From eight year-old YouTube poppets to grand dames of English theatre, age was no barrier when it came to female celebrities strutting their stuff in 2014.
Shakira's cup runneth over for Activia
While Danone’s Activia campaign is unlikely to pick up any medal for creativity, it now has the distinction of unseating Volkswagen’s The Force as the most shared commercial ever with over 5.3 million shares.
Pivotal to its success was the use of 'trackvertising', where a brand and musical artist co-release a video generate shares as well as eyeballs; in Shakira’s case, her anthem for Brazil’s 2014 World Cup. Its popularity also helped make Shakira the first person to 100m Facebook likes.
Taylor pulls a Swifty for Diet Coke
While on the subject of trackvertising, industry pundits predicted Swift’s new album, 1989, would rack up first-week sales of 700,000. Actual? 1.287 million. To put that into perspective, no album this year sold more than a million copies in total.

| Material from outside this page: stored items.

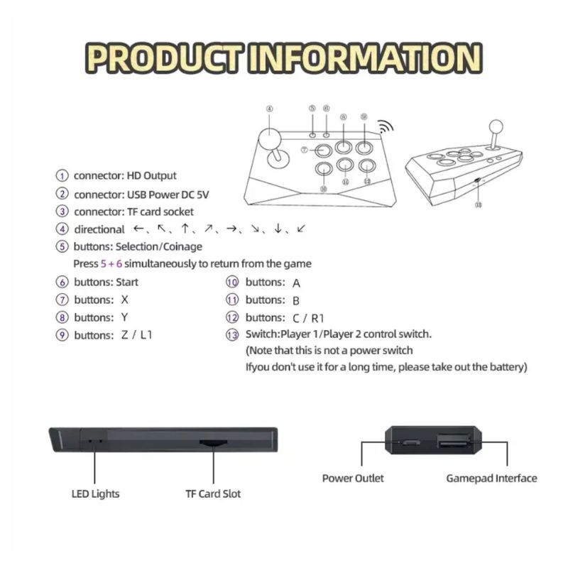 - Multiplayer Support: With the two wireless arcade joysticks included, the console is ready for two-player cooperative or competitive gaming right out of the box.
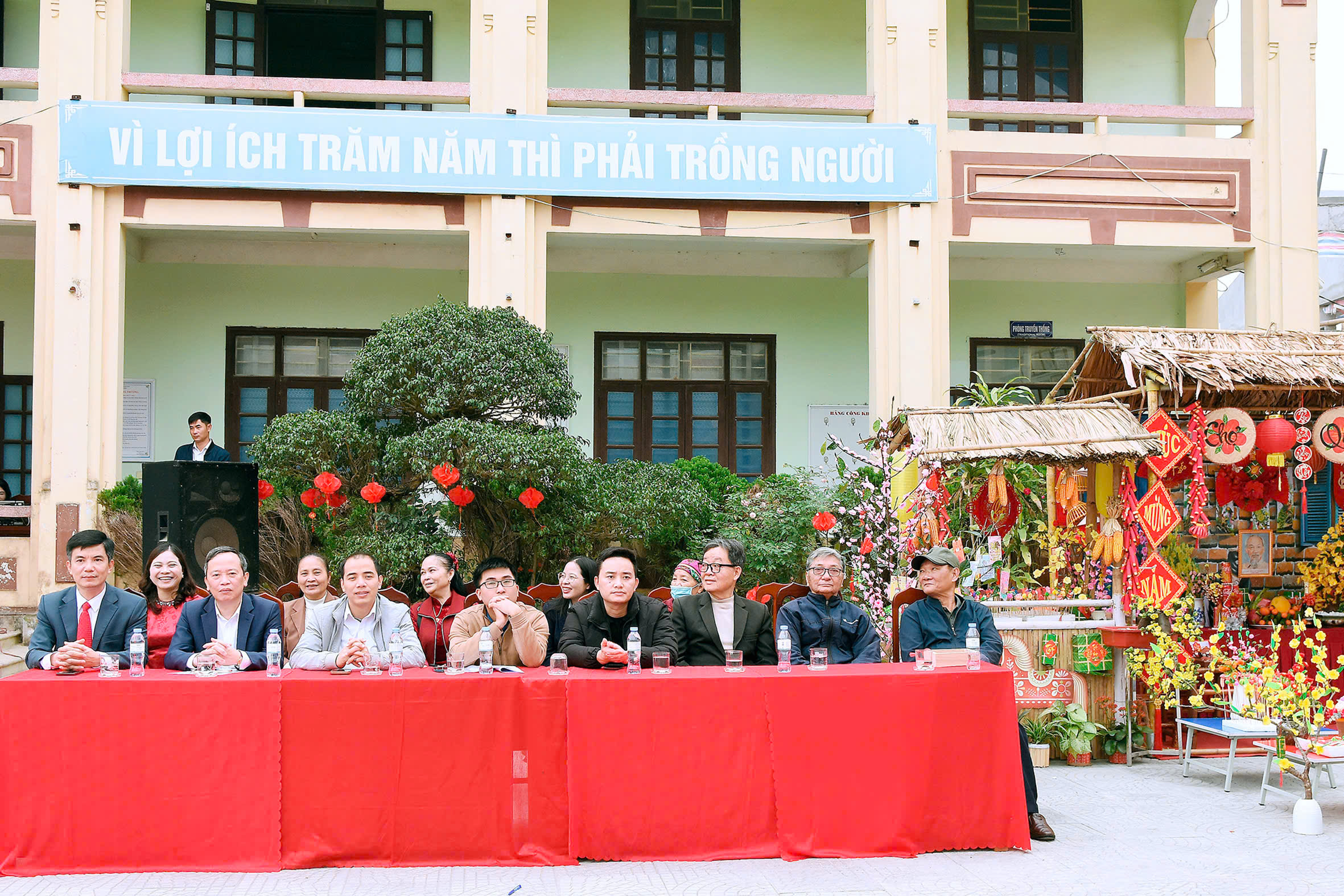 Ban lãnh đạo nhà trường cùng toàn thể các thầy cô giáo và hơn 1000 các học sinh trong nhà trường.
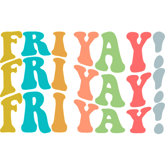 Colorful "FRI YAY" typography design celebrating the weekend's arrival with joy!DTF Transfers
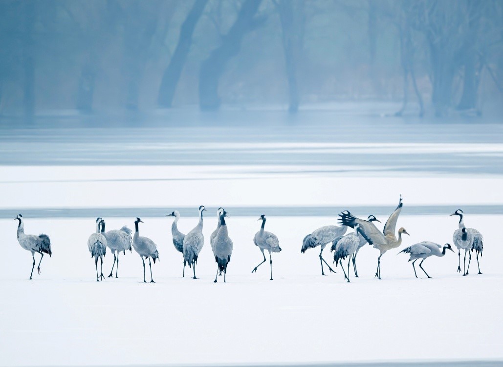 източник на снимката: © Jiang Jingsheng, сиви жерави спрели за почивка в язовир Tangzhishan, област Шуни, Пекин
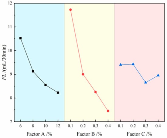 The contribution effects of three factors on FL are illustrated in Figure 7, where the four level values of each factor are represented on the x-axis and the FL values are indicated on the y-axis. The analysis results demonstrate that the degree of influence of each factor on slurry FL follows the following order: CMC > bentonite > Na2CO3. Specifically, FL shows a significant decreasing trend with increasing CMC and bentonite content, while it initially decreases and then increases with rising Na2CO3 content. The range analysis in Table 6 further confirms this conclusion, with the range values ranking as follows: CMC (R = 4.275) > bentonite (R = 2.3) > Na2CO3 (R = 0.775). Notably, FL exhibits a negative correlation with slurry performance, meaning that lower FL corresponds to better slurry performance. Therefore, when optimizing the slurry formulation, priority should be given to increasing the dosage of CMC and bentonite, while the Na2CO3 content needs to be controlled within an optimal range to achieve the best slurry performance. Ultimately, under the dual criteria of maintaining FL below 25 mL/30 min and prioritizing minimal values, the optimal combination for minimizing slurry fluid loss was determined to be A4B4C3.
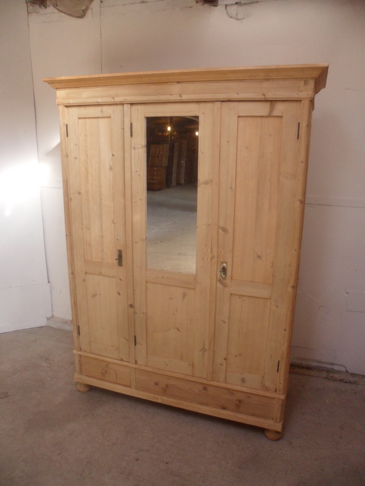 Mirrored Antique Pine Triple 3 Door Large Knockdown Wardrobe to Wax / Paint
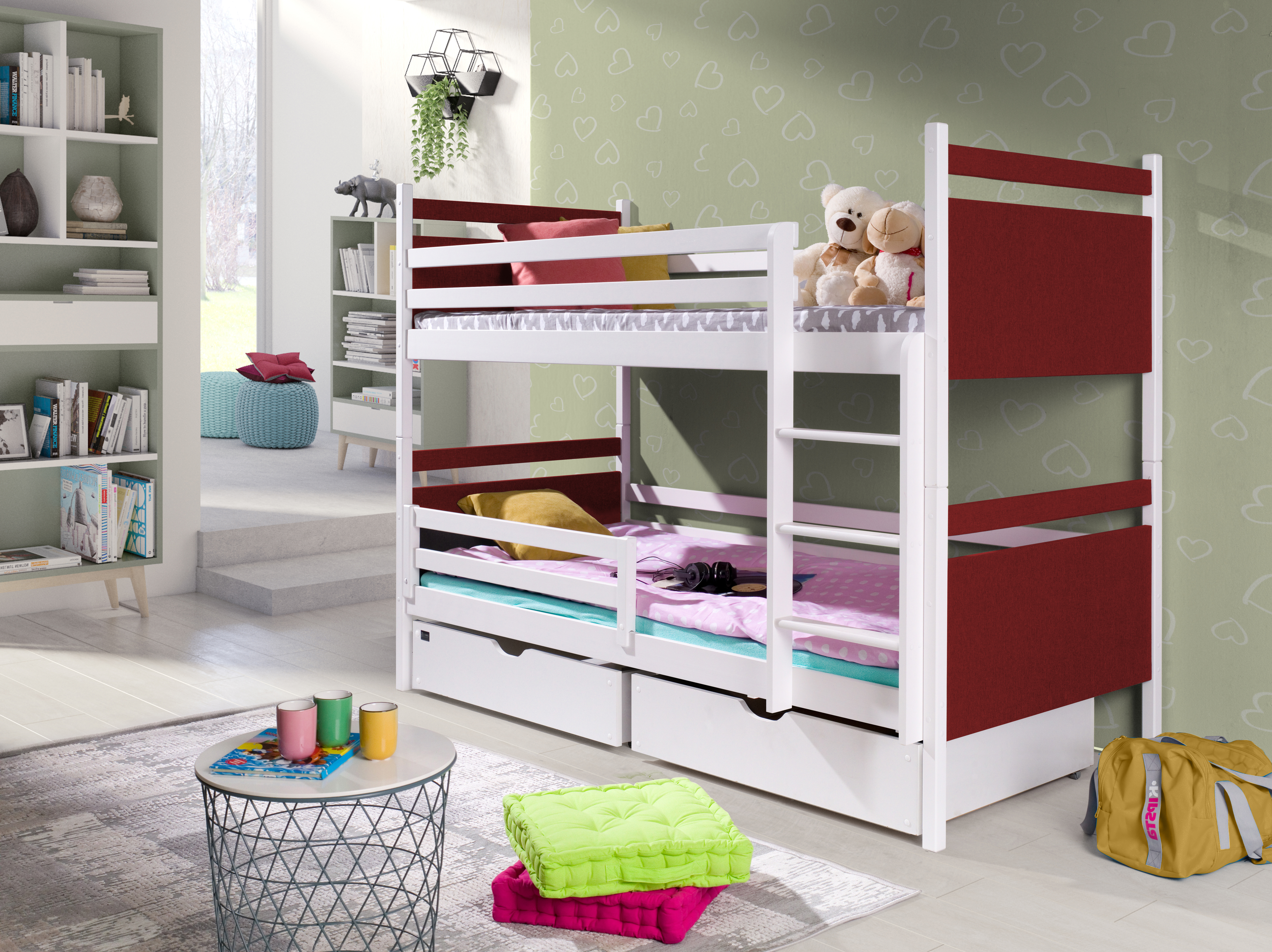 Patul supraetajat Talia este un plus excelent pentru o cameră pentru copii. Patul superior și inferior sunt asigurate cu bariere care împiedică căderea în timpul somnului. Este fabricat din scânduri de lemn, cu margini finisate astfel încât să nu reprezinte un pericol pentru copii. Vopselele și lacurile utilizate îndeplinesc toate standardele necesare. Patul conține și spațiu de depozitare cu roți cauciucate, pentru a proteja podeaua.
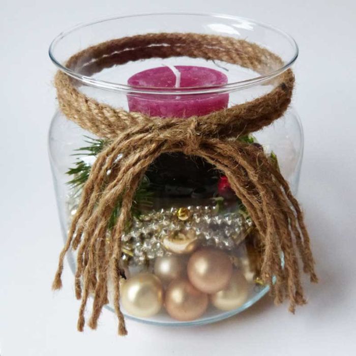 Designový tip: Nejprve umístěte ozdoby do sklenice, poté na ně umístěte svícen a svíčku. V případě potřeby jedlovou větvičku mírně zkraťte nebo ji rozřežte na jednotlivé větvičky.
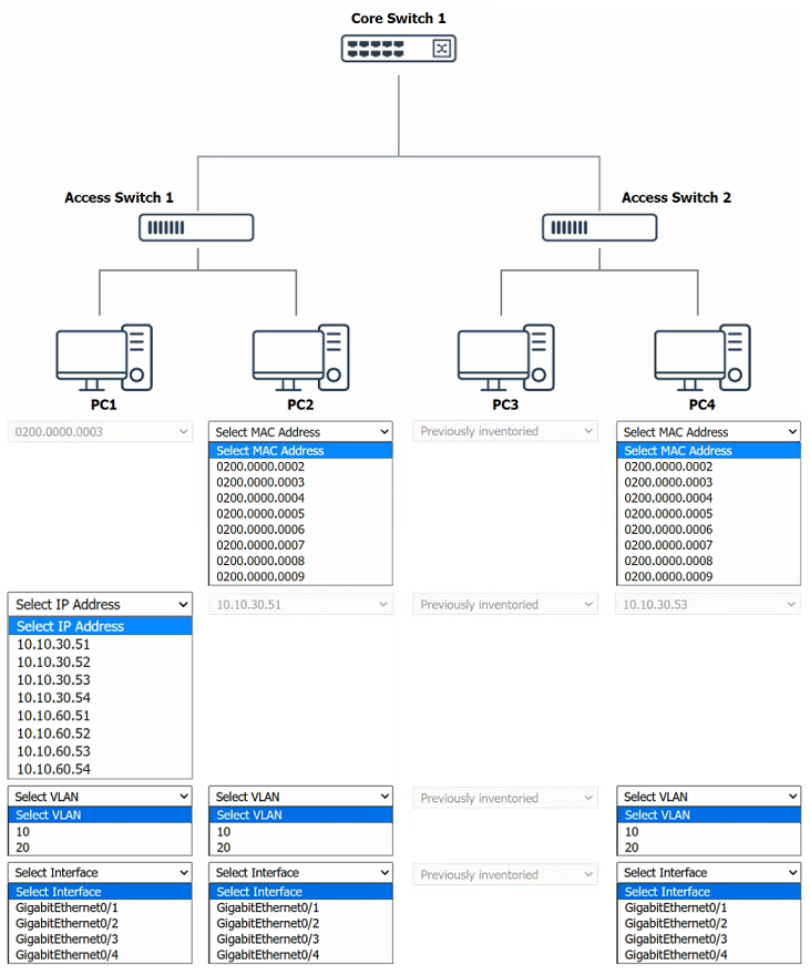 - Mapping Devices to Ports: By executing these commands on each switch, you can trace which PC is connected to which port. For example, if the show mac address-table command on Switch A shows that MAC address X is connected to port Gi1/0/1, and the show arp command shows that MAC address X is associated with IP address 192.168.1.10, then you know that PC with IP 192.168.1.10 is connected to Switch A, port Gi1/0/1.
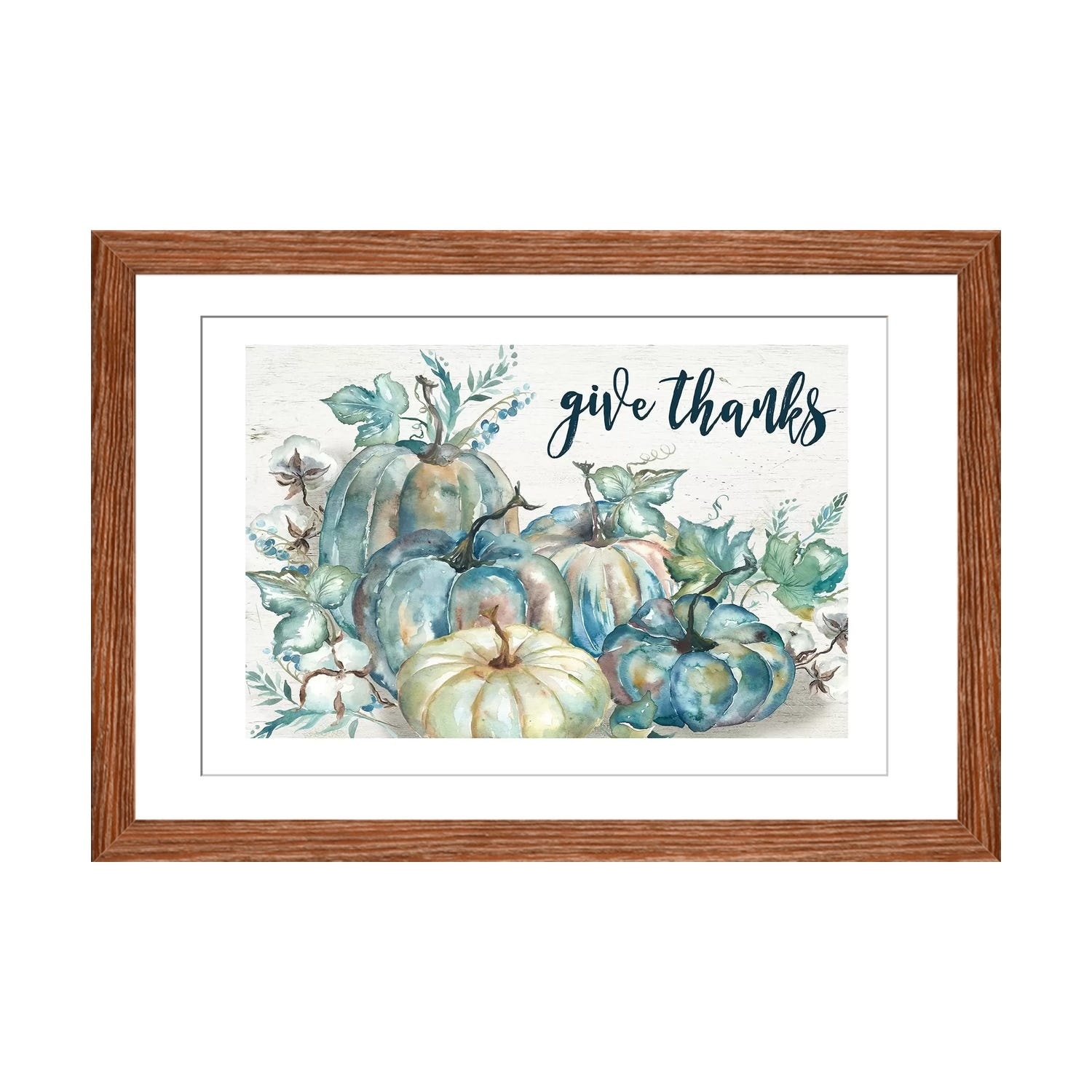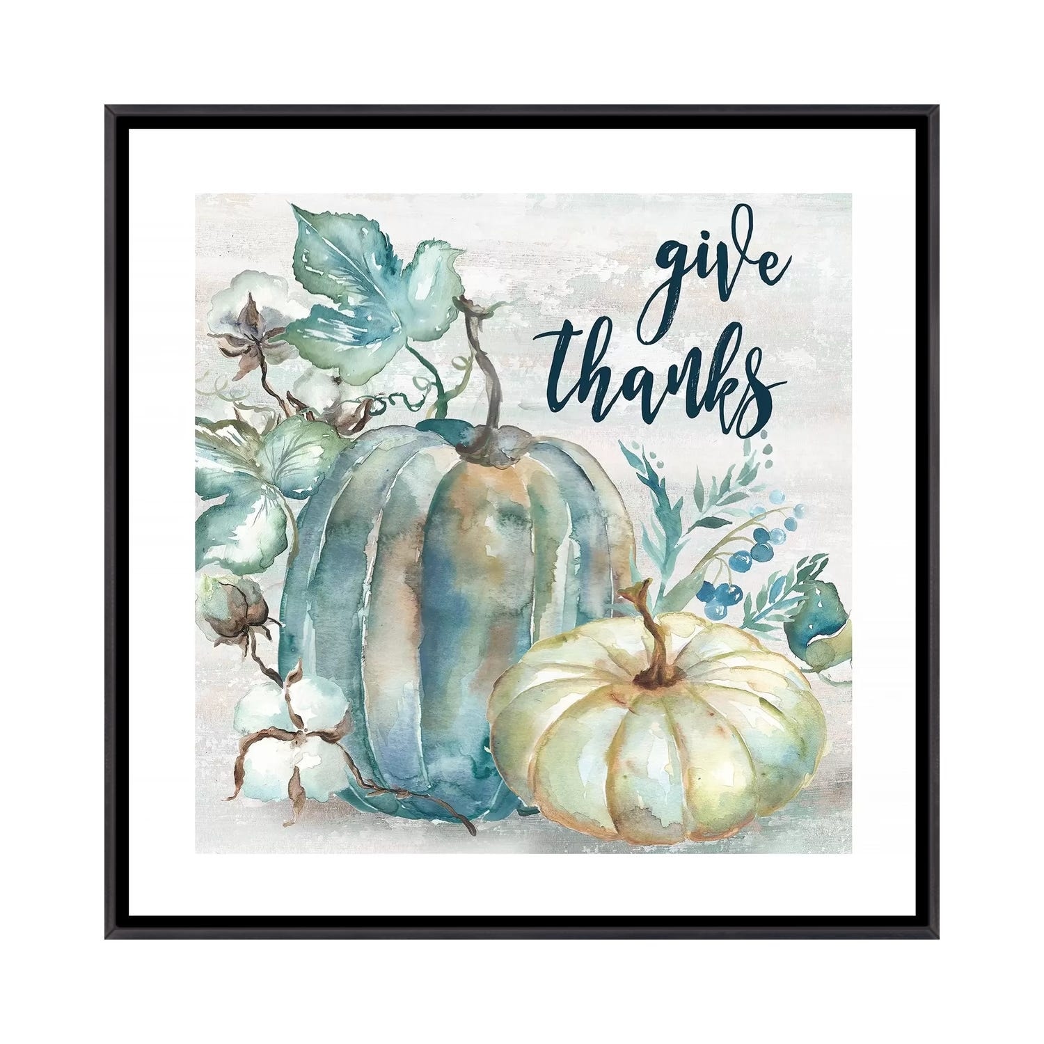 iCanvas "Blue Watercolor Harvest Pumpkin Give Thanks II" by Tre Sorelle Studios Framed
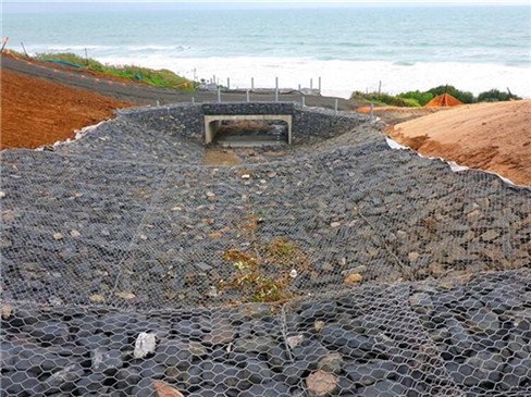 固濱籠(格賓石籠)是由蜂巢形格網(wǎng)片,將特種鋼絲鍍膜后,由專用機(jī)械編織成的雙絞、蜂巢形網(wǎng)片組裝成箱籠,根據(jù)工程設(shè)計要求裁剪、制作、組裝成箱籠并裝入塊石等填充料后連接成一體的結(jié)構(gòu),是用做堤身、堤基及路基等防護(hù)工程的新型結(jié)構(gòu)。岸結(jié)構(gòu)形式可以分為擋墻、護(hù)坡、護(hù)底、護(hù)腳、水下拋石籠等。習(xí)慣上又將護(hù)坡、護(hù)底工程上常用的較薄的一種箱籠稱格賓網(wǎng)墊(高度一般在0.17—40cm)。擋墻、拋石籠常用的較厚的一種稱為格賓網(wǎng)箱(一般高度在50cm以上)。治理山坡、綠化植被及水土保持常用的則稱為格賓植被掛網(wǎng)。
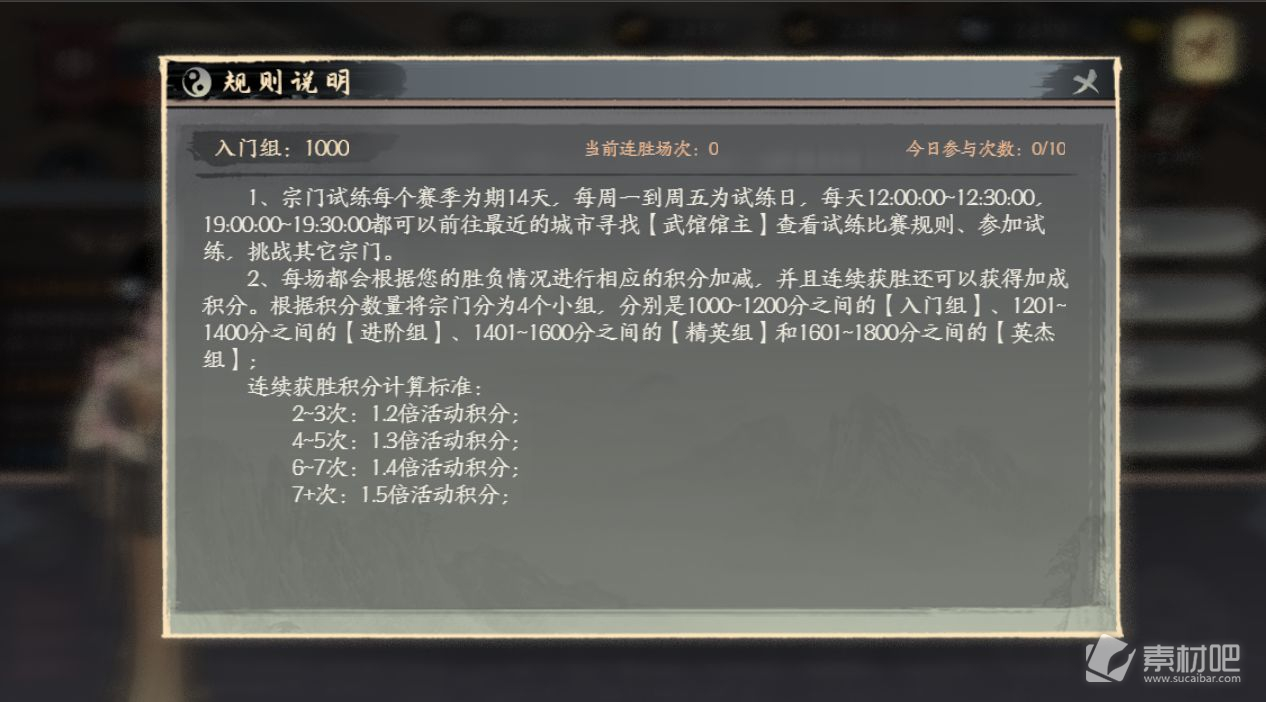 你也可以在武馆正门查看当前宗门所在的路段和试炼规则。

Forbes referred to Swift as having delivered a master class in marketing, citing the Diet Coke partnership as a major contributing factor. It rounded out with 2.7 million ad views, a concert tie-in plus her own brief announcement of the Diet Coke hookup which garnered one million views alone, making for one very sticky celebrity endorsement vehicle. Sweet!
Mila Kunis comes on strong for Jim Beam
Mila Kunis’ turn as Beam’s latest global celebrity partner is a big departure and innovative step for a brand whose prior celebrity head was the 43 year-old not-so-Kid Rock. The young A-list actress by contrast is a sassy, authentic, low-maintenance rock chick equally liked by guys and girls. She also loves her bourbon.
So the Kunis partnership is smart not only for riding the wave of increased whiskey consumption by women, which now sits between 30-50%, but for finding the fulcrum in the gender see-saw, meaning Jim Beam goes down smoother than ever.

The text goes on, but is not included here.